Exactly as written, print the lines from the top of the listing through the line containing "进入个人中心,点击上方登录注册"; include no pictures.

Raw data:
------------------------------------------------------------------------

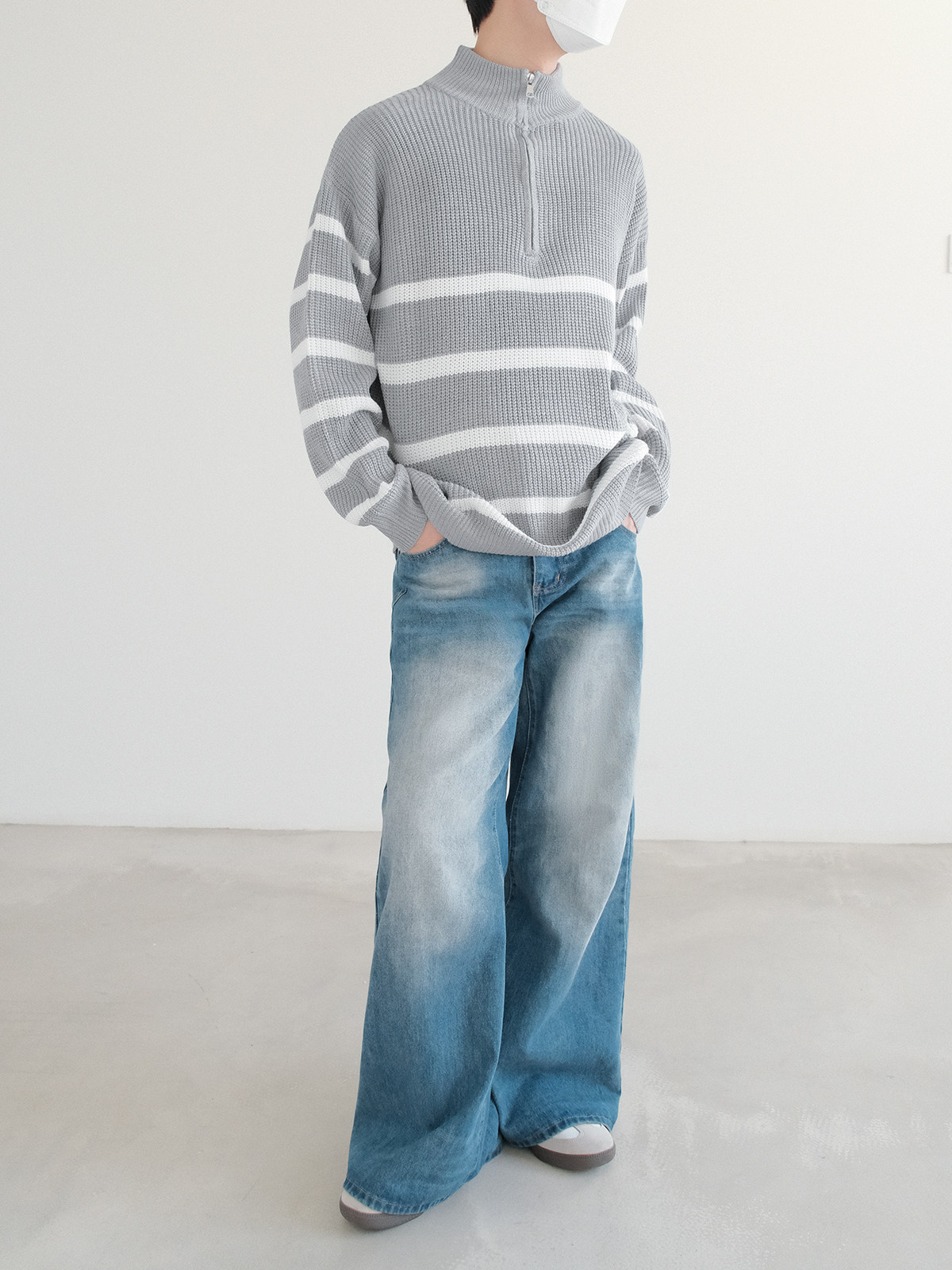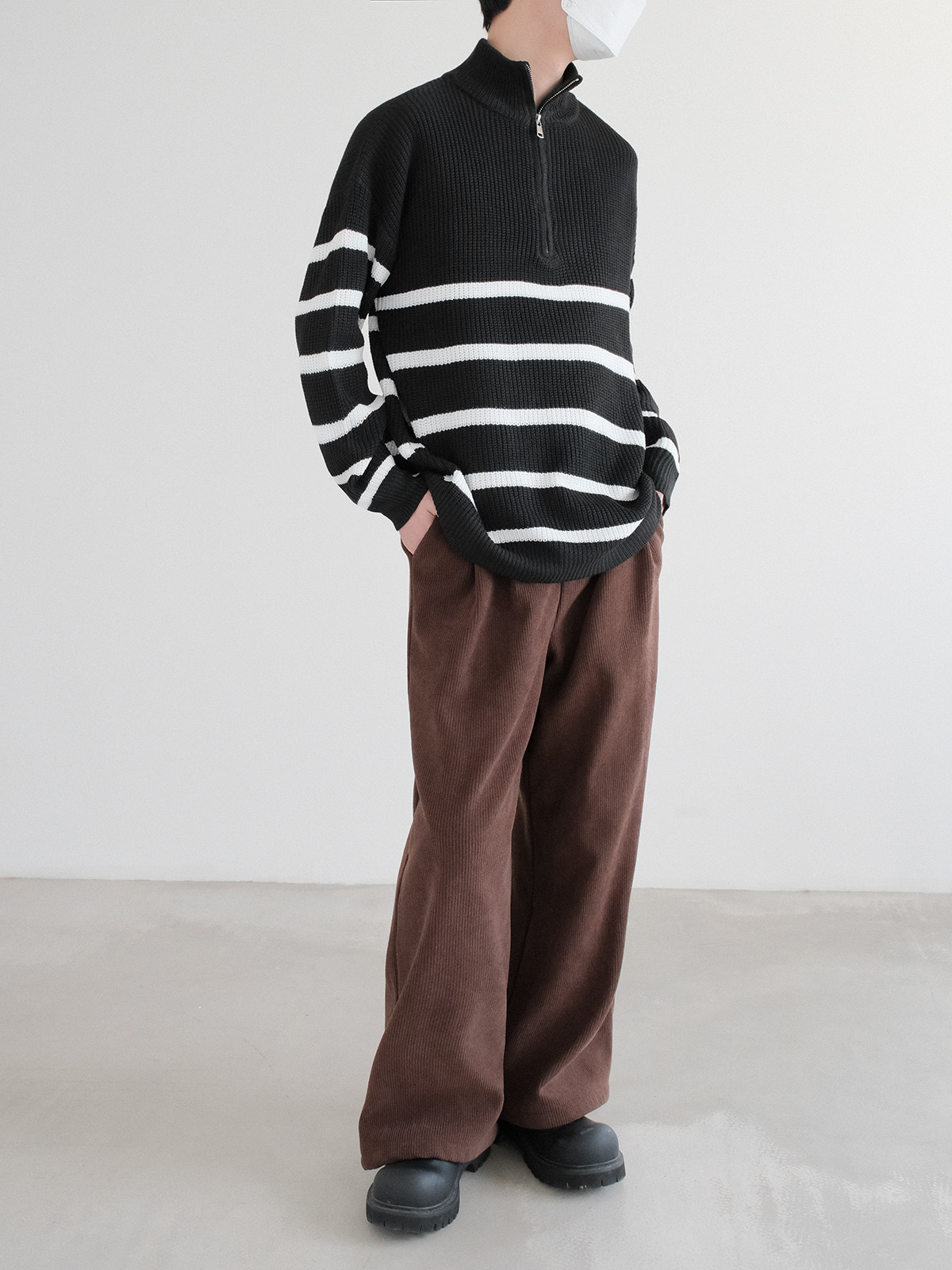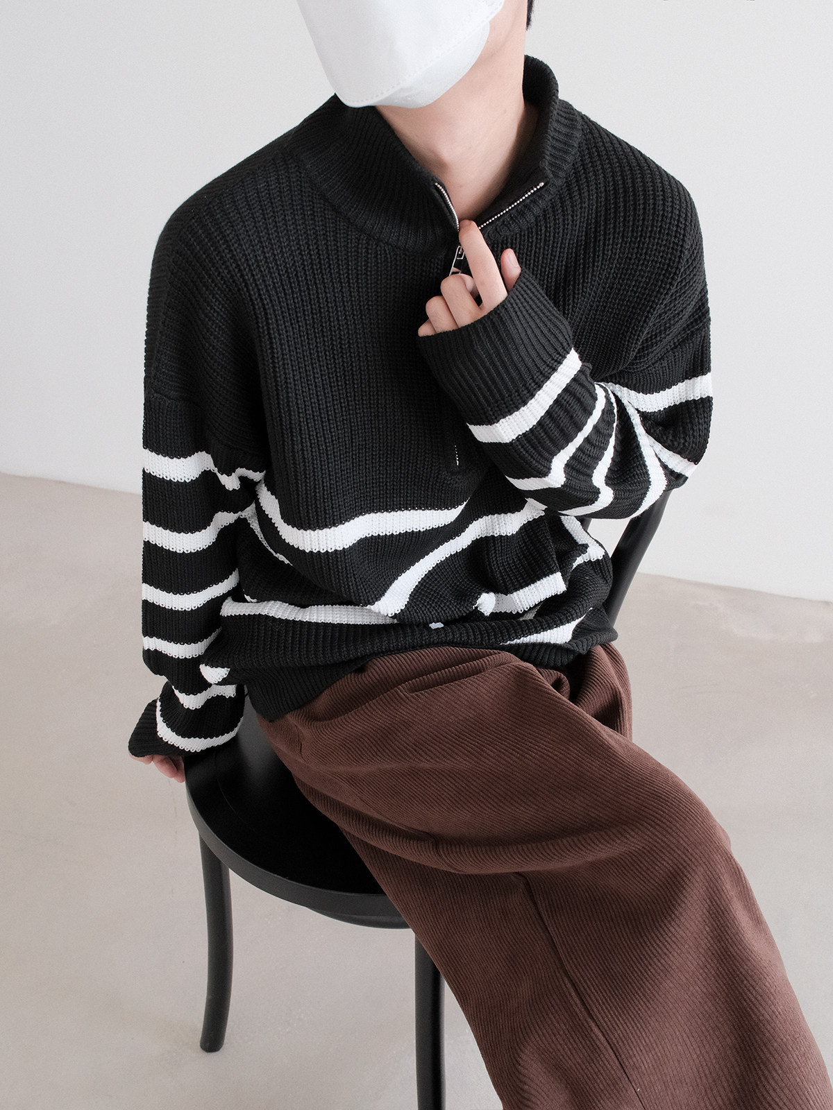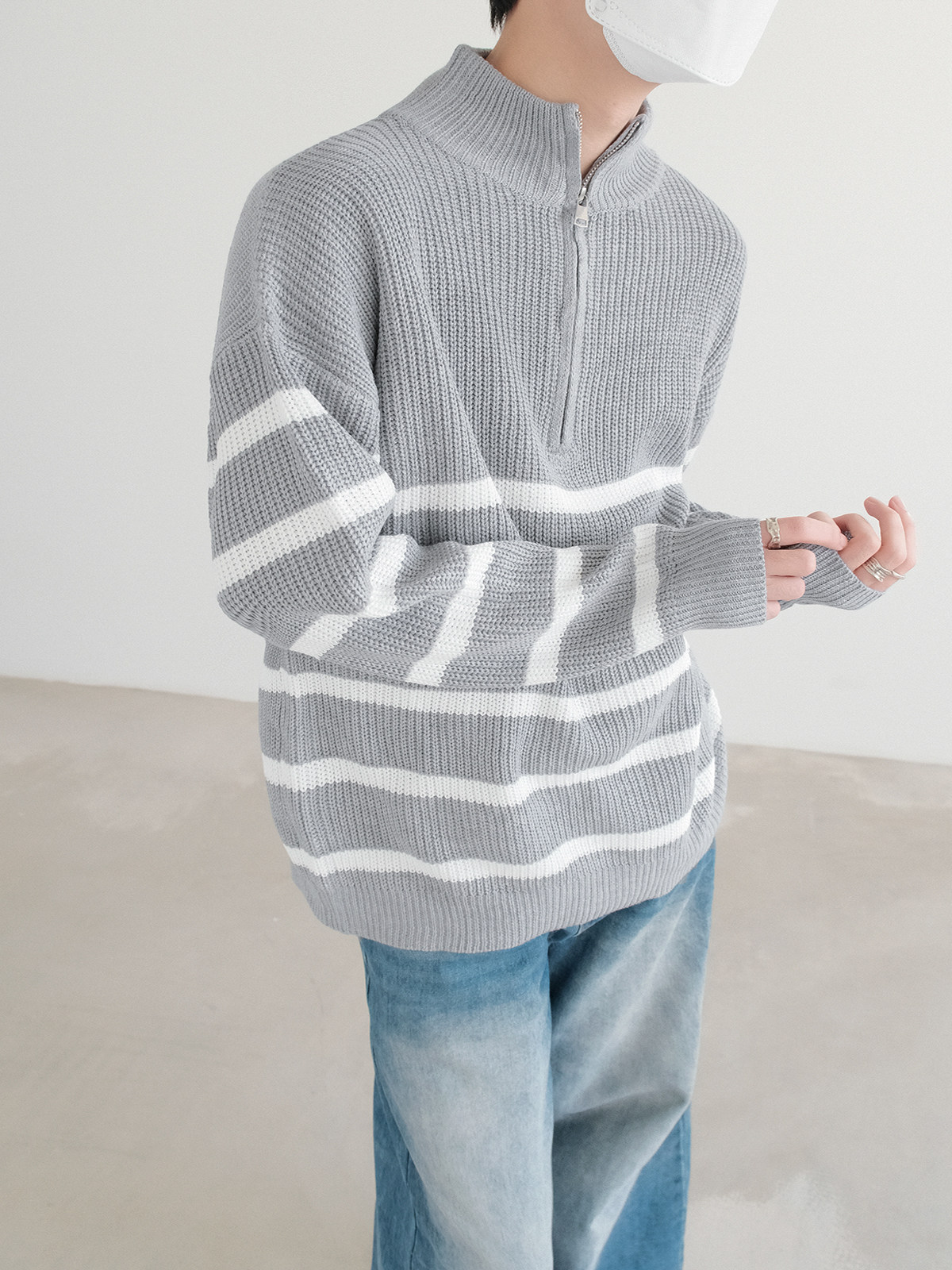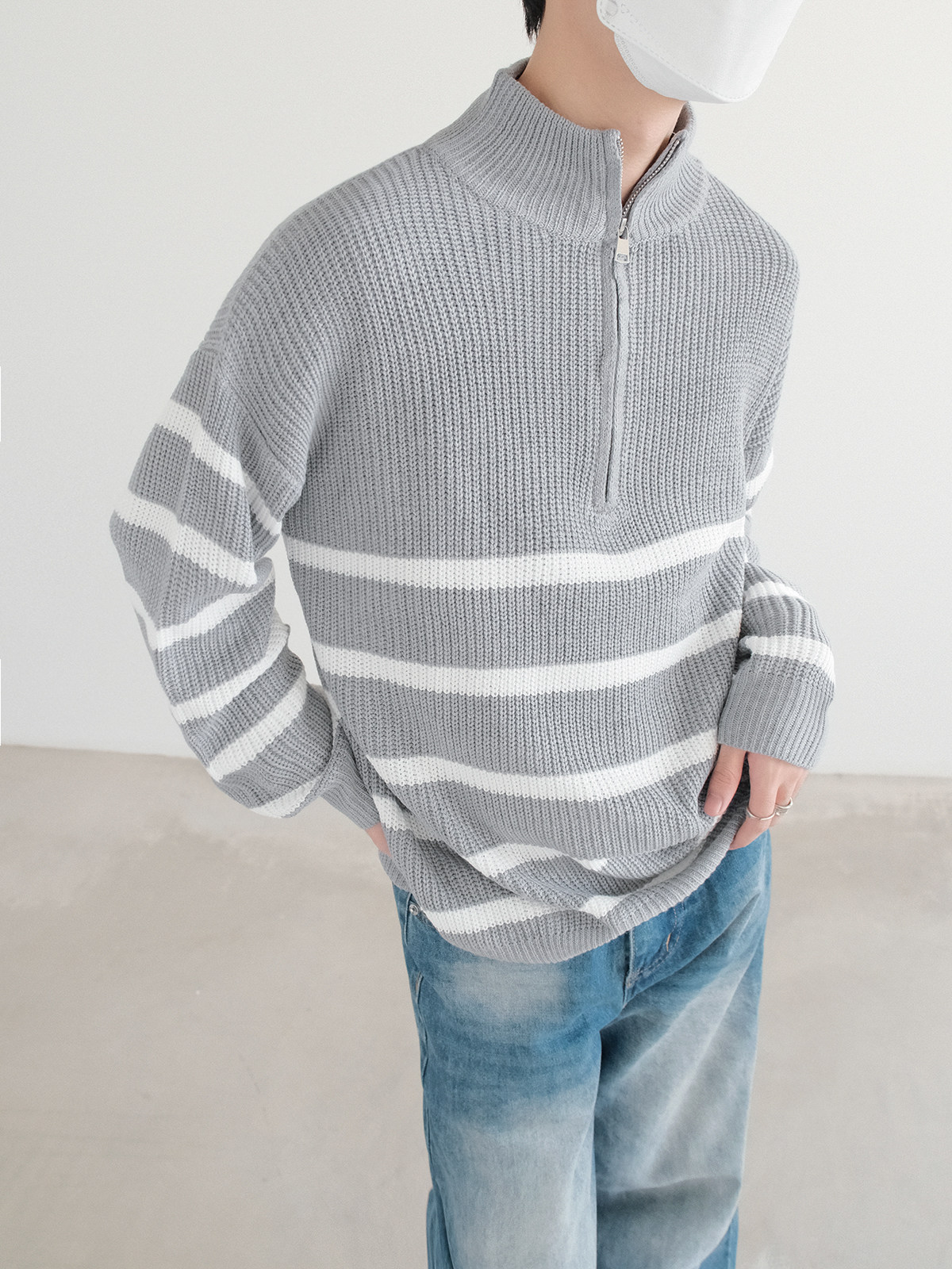 Новинки весны и зимы 2025: полосатый свитер с воротником-стойкой и половиной молнии.
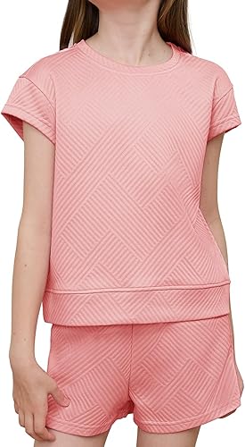 Girls 2 Piece Outfit: Short sleeve, crew neck, losse fit t shirt; elastic drawstring shorts, easy to wear and give a simple and energetic look.
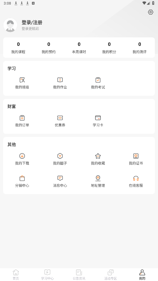 进入个人中心,点击上方登录注册
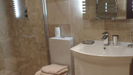 Reconfigured main bathroom with beige marble throughout, walk in shower, towel rail, underfloor heating and white sanitary ware

------------------------------------------------------------------------

Reply:
 Новинки весны и зимы 2025: полосатый свитер с воротником-стойкой и половиной молнии.
 Girls 2 Piece Outfit: Short sleeve, crew neck, losse fit t shirt; elastic drawstring shorts, easy to wear and give a simple and energetic look.
 进入个人中心,点击上方登录注册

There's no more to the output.